6. The cross-camera multi-target tracking method based on skeleton similarity according to claim 5, characterized in that, The skeleton similarity algorithm includes the following steps: S311, Skeleton Deformation: Calculate the template skeleton kps_t and the skeleton to be tested kps_a The corresponding scaling factor for skeleton segment length According to the key points i Connection paths between r The skeleton to be detected is changed sequentially. kps_a The joint coordinates are used to obtain the scale-normalized skeleton to be detected. kps_a′ ; S312, Skeleton Translation: Select a central reference point. Calculate the coordinate offset of the center reference points of the two skeletons. T To test the skeleton kps_a′ A translational motion is performed to obtain the skeleton to be detected aligned with the central reference coordinates. kps_a″ : S313, Skeleton Similarity Calculation: Calculate the template skeleton kps_t and the skeleton to be tested kps_a″ The sum of the distances of the skeleton line segments , It is a number greater than or equal to 0, and the larger the value, the smaller the similarity of the corresponding actions; the smaller the value, the higher the similarity of the corresponding actions; normalize the output results to the [0,1] interval, and then perform different normalized skeleton line segments. Assign different weights The weighted skeleton pose similarity S is obtained: in, It is a preset error factor.
7. A cross-camera multi-target tracking method based on skeleton similarity according to claim 5, characterized in that, The method for linearly weighting skeleton similarity and positional proximity is as follows: Where A is the weighted similarity. For skeleton pose similarity. For proximity, These are the weight parameters.

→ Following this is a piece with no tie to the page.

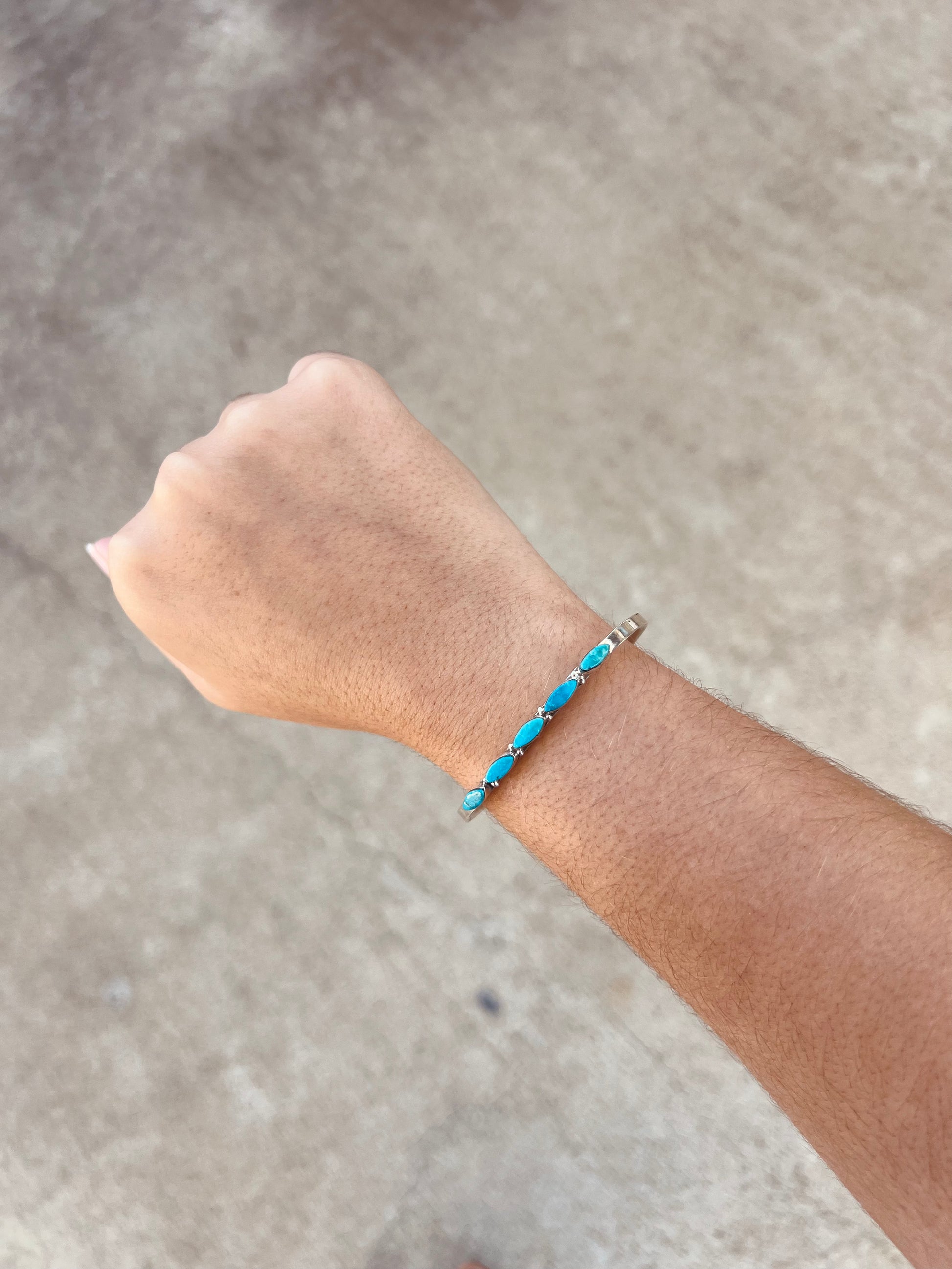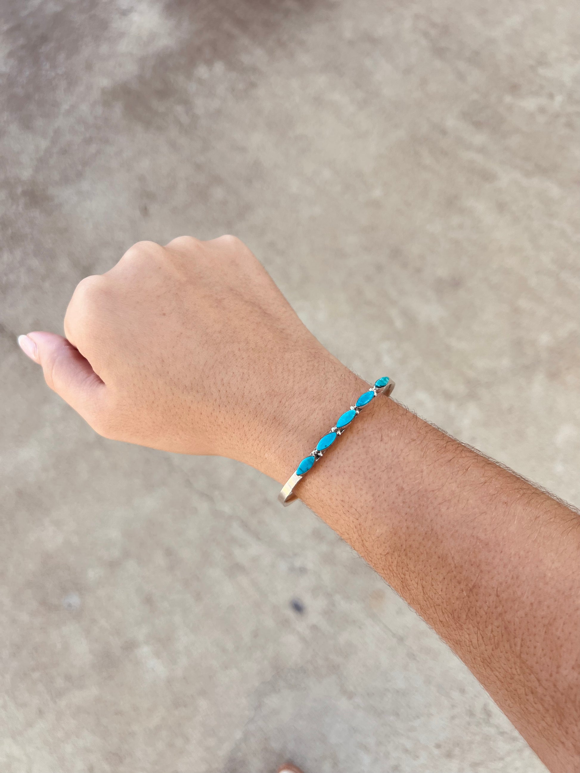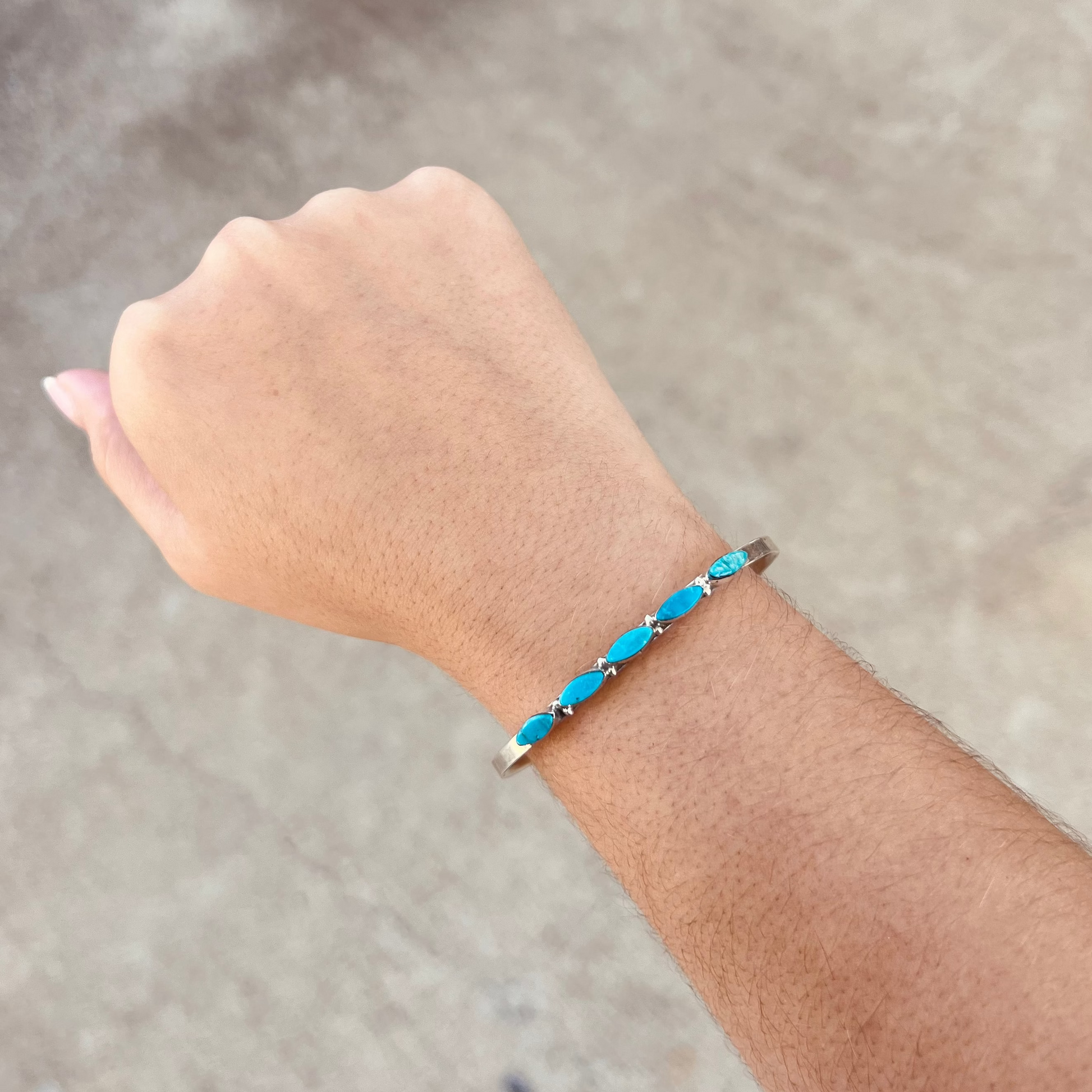 Genuine Oval Kingman Turquoise 5 Stone Inlay Sterling Silver Cuff Bracelet

8. A cross-camera multi-target tracking method based on skeleton similarity according to claim 1, characterized in that, The cross-regional target ID matching includes the following steps: The DeepSort target tracking model is used for initial tracking and matching. The rectangular region corresponding to the head target region is used as the input tensor, and convolutional feature extraction is performed to obtain a feature vector of a preset size. The Kalman filter algorithm is used to predict the position of the center coordinate of the target area in the next time step, and the Hungarian algorithm is used to match the feature vectors of the previous time step and the current time step to obtain the corresponding target identity ID. Calculate the Euclidean distance between the center position of the target human's clavicle and the center position of the target human's face, and perform secondary target matching between the previous frame and the current frame to prevent the target identity ID from being lost.
9. A cross-camera multi-target tracking device based on skeleton similarity, comprising a memory, a processor, and a program stored in the memory, characterized in that, When the processor executes the program, it implements the method as described in any one of claims 1-8.
10. A storage medium having a program stored thereon, characterized in that, When the program is executed, it implements the method as described in any one of claims 1-8.